Blood in the ears? Not a rabies symptom. Were they foaming at the
mouth?”
“Not that I saw.”
“Running in a straight line?”
“Circles.”
A pickup truck drove by on the highway, country music so loud on its
radio that the tune carried all the way to the back of Potter’s
property. Loud or not, it was a mournful song.
“Where are they?” Potter asked.
“Got them bagged in plastic in the Cherokee here.”
“You get bitten?”
“No,” Eduardo said.
“Scratched?”
“No.”
“Any contact with them whatsoever?”
Eduardo explained about the precautions he’d taken: the shovel,
bandanna, rubber gloves.
Cocking his head, looking puzzled, Travis Potter said, “You telling me
everything?”
“Well, I think so,” he lied. “I mean, their behavior was pretty
strange, but I’ve told you everything important, no other symptoms I
noticed.”
Potter’s gaze was forthright and penetrating, and for a moment Eduardo
considered opening up and revealing the whole bizarre story.
Instead, he said, “If it isn’t rabies, does it sound like maybe it
could be plague?”
Potter frowned. “Doubtful. Bleeding from the ears? That’s an
uncommon symptom.
You get any flea bites being around them?”
“I’m not itchy.”
The warm breeze pumped itself into a gust of wind, rattling the larches
and startling a night bird out of the branches. It flew low over their
heads with a shriek that startled them.
Potter said, “Well, why don’t you leave these raccoons with me, and I’ll
have a look.”
They removed the three green plastic bags from the Cherokee and carried
them inside. The waiting room was deserted, Potter had evidently been
doing paperwork in his office. They went through a door and down a
short hallway to the white-tiled surgery, where they put the bags on
the floor beside a stainless-steel examination table.
The room felt cool and looked cold. Harsh white light fell on the
enamel, steel, and glass surfaces. Everything gleamed like snow and
ice.
“What’ll you do with them?” Eduardo asked.
“I don’t have the means to test for rabies here. I’ll take tissue
samples, send them up to the state lab, and we’ll have the results in a
few days.”
“That’s all?”
“What do you mean?”
Poking one of the bags with the toe of his boot, Eduardo said, “You
going to dissect one of them?”
“I’ll store them in one of my cold lockers and wait for the state lab’s
report. If they’re negative for rabies, then, yeah, I’ll perform an
autopsy on one of them.”
“Let me know what you find?”
Potter gave him that penetrating stare again. “You sure you weren’t
bitten or scratched? Because if you were, and if there’s any reason at
all to suspect rabies, you should get to a doctor now and start the
vaccine right away, tonight–”
“I’m no fool,” Eduardo said. “I’d tell
you if there was any chance I’d been infected.”
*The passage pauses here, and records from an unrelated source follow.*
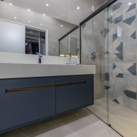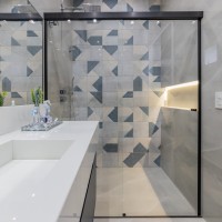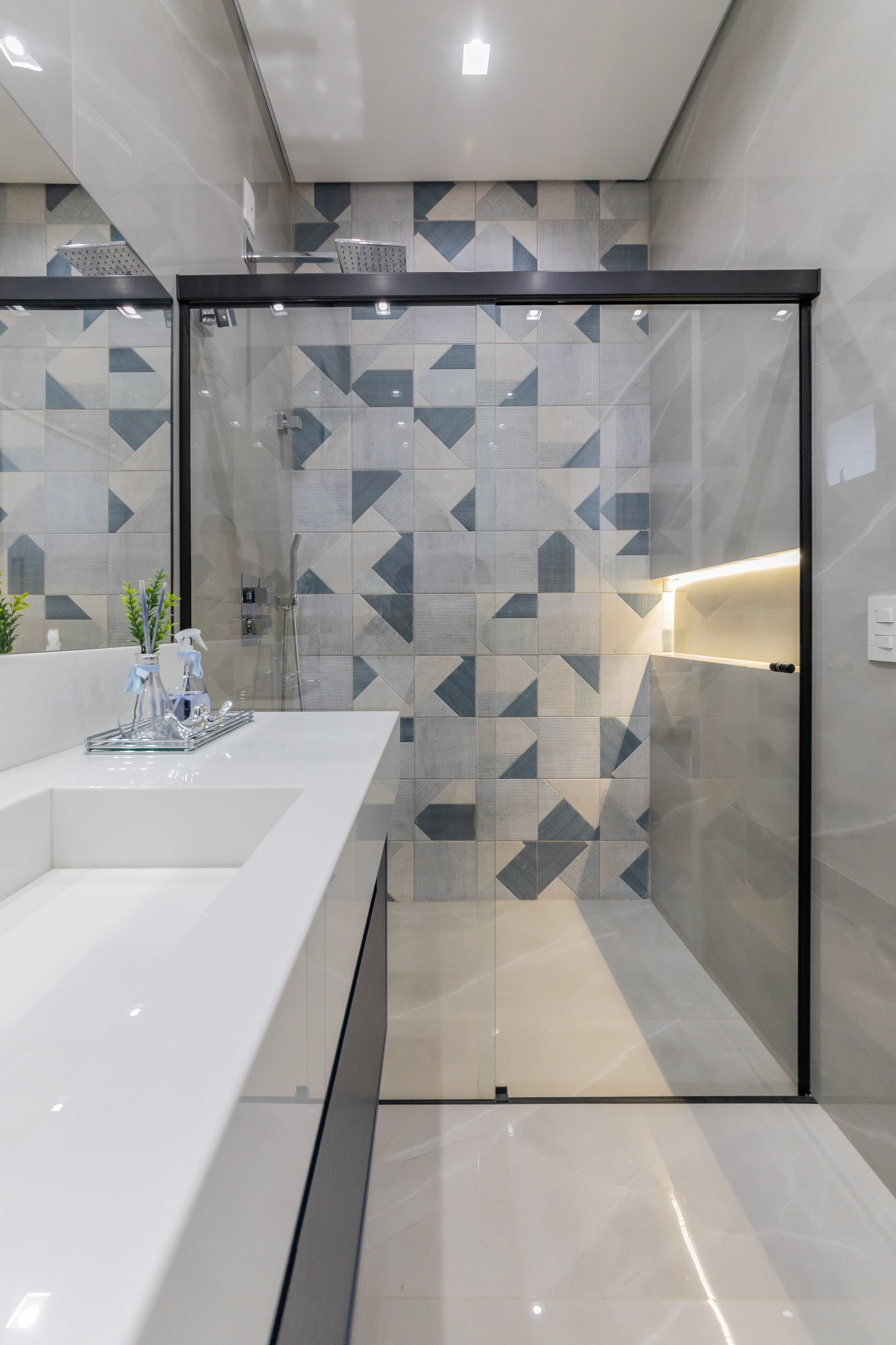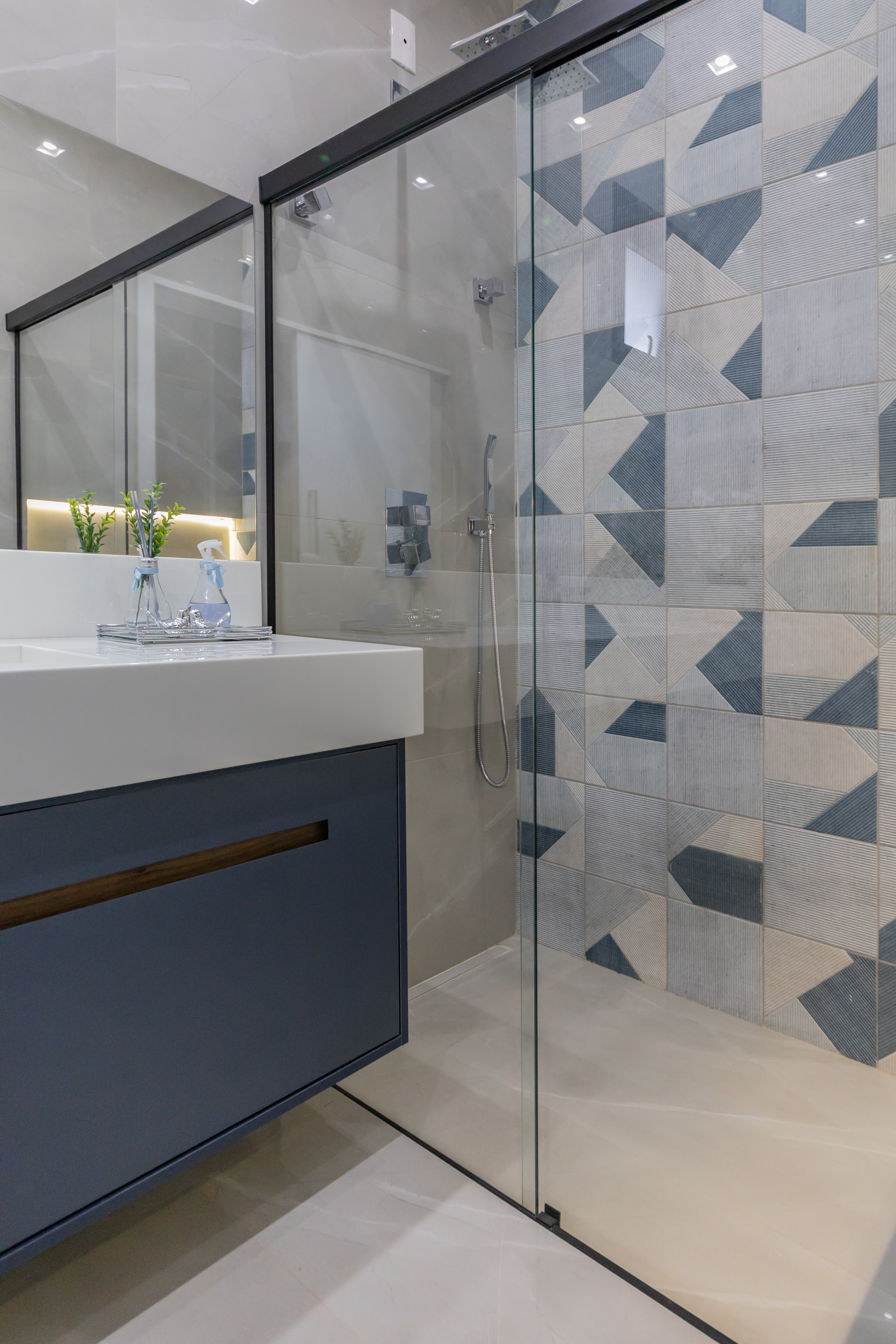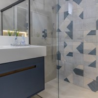 Les designers Marta Rangel et Amanda Miranda proposent une salle de bains très tendance. La texture et la similitude du carrelage avec le denim élèvent la pièce au plus haut niveau.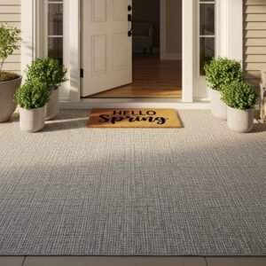 Start with a larger neutral outdoor rug (like buffalo check or a subtle stripe), then place a smaller “Hello Spring” mat on top.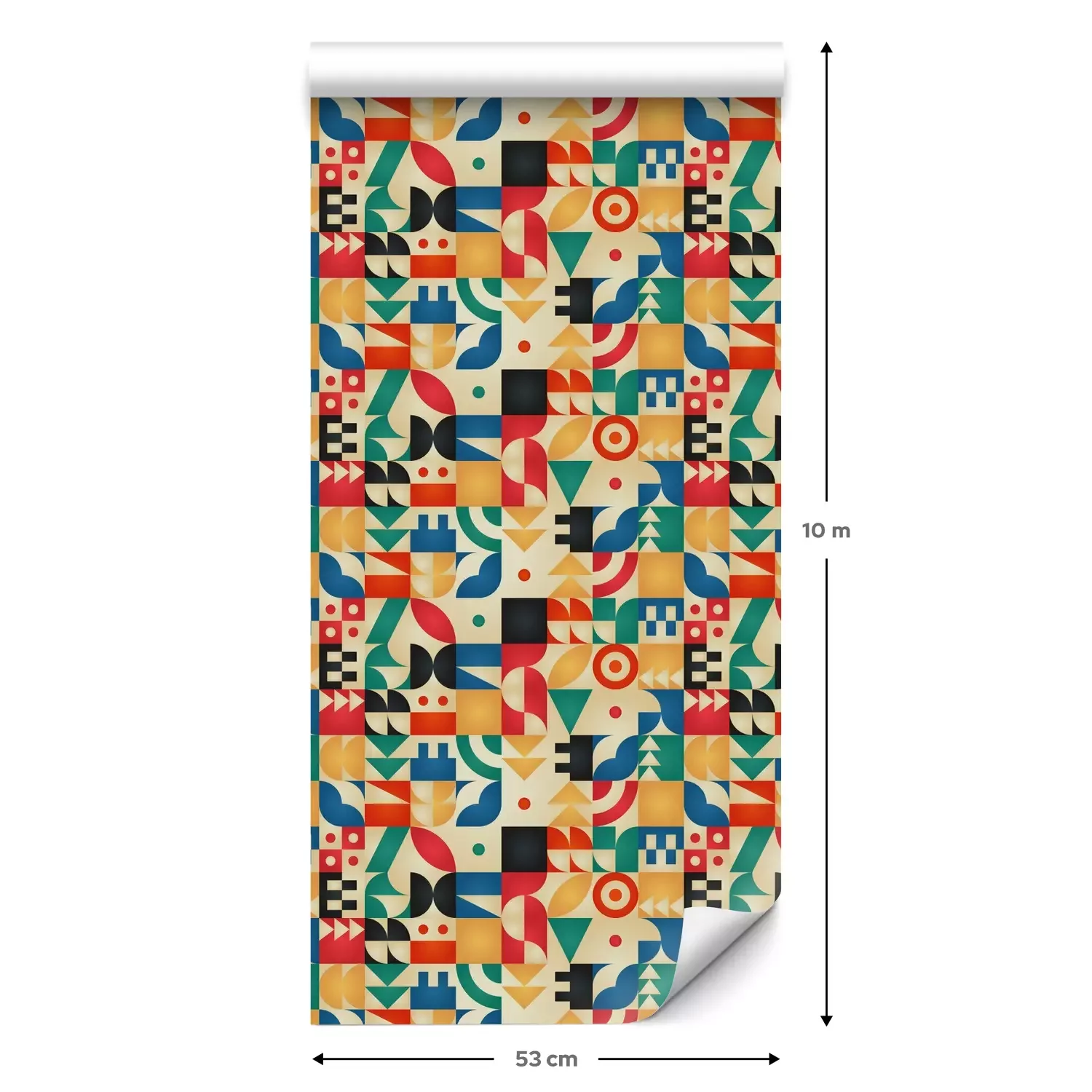 Een standaardrol behang heeft een afmeting van 0,53 m x 10 m, wat voldoende is om ongeveer 5 m² muur te bedekken.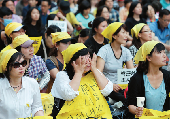 4월16일 세월호 참사 이후 한국 사회는 집단 트라우마를 앓고 있다. 트라우마에서 벗어나려면 감정을 억압하지 않고 표출할 수 있는 공간이 마련돼야 한다. 엄마들이 6월7일 서울 중구 청계광장에서 열린 세월호 참사 촛불집회에 참석해 눈물을 흘리고 있다. 한겨레 이종근 기자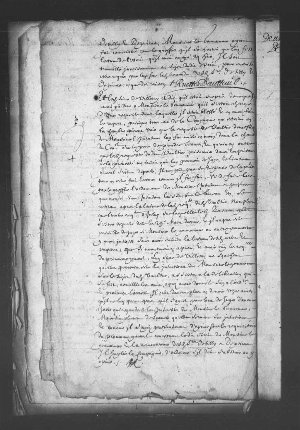 - Transcription du texte avec orthographe modernisée : «Et ledit sieur de Villeray a dit qu'il était surpris de ce que l'on avait pu dire à Monsieur le gouverneur qu'il s'était chargé d'une requête dans laquelle il était blessé et en avait fait le rapport, puisque tous ceux de la compagnie qui étaient en la chambre purent voir que la requête de vautier domestique de Monsieur l'intendant lui fut mise en main dans la chambre du Conseil sur le point de prendre séance, et qu'ainsi outre que ladite requête dudit vautier prisonnier dans les prisons de la prévôté ne tendait qu'à lui pourvoir de juge, le lieutenant général s'étant déporté, il ne put pas se dispenser de la présenter pour en être fait lecture comme il fut fait, Ni de faire lire par le greffier l'ordonnance de Monsieur l'intendant et papiers que mondit sieur l'intendant laissa sur le bureau en se retirant après la lecture de ladite requête dudit vautier, non plus que l'autre requête [...]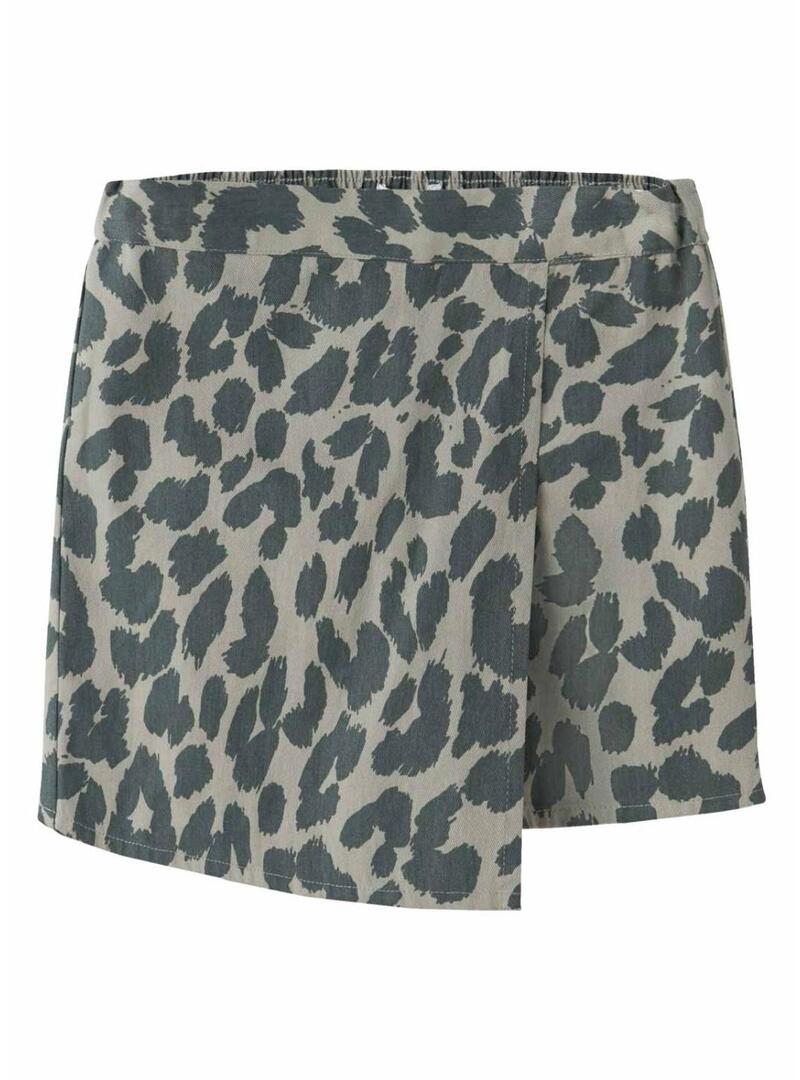 Pantaloni corti Name It. Stampa animalier nei toni grigio e nero. Vita elastica. Design incrociato nella parte anteriore che crea un effetto gonna. Taglio comodo. Stile moderno e versatile. Un capo perfetto per outfit estivi con un tocco di tendenza.

Potter continued to stare at him.
Looking around the surgery, Eduardo said, “You really modernized the
place from the way it was.”
“Come on,” the veterinarian said, turning to the door. “I have
something I want to give you.”
Eduardo followed him into the hall and through another door into
Potter’s private office. The vet rummaged in the drawers of a white,
enameled-metal storage cabinet and handed him a pair of pamphlets– one
on rabies, one on bubonic plague.
“Read up on the symptoms for both,” Potter said. “You notice anything
similar in yourself, even similar, get to your doctor.”
“Don’t like doctors much.”
“That’s not the point. You have a doctor?”
“Never need one.”
“Then you call me, and I’ll get a doctor to you, one way or the
other.
Understand?”
“All right.”
“You’ll do it?”
“Sure will.”
Potter said, “You have a telephone out there?”
“Of course. Who doesn’t have a phone these days?”
The question seemed to confirm that he had an image as a hermit and an
eccentric. Which maybe he deserved. Because now that he thought about
it, he hadn’t used the phone to receive or place a call in at least
five or six months. He doubted if it’d rung more than three times in
the past year, and one of those was a wrong number.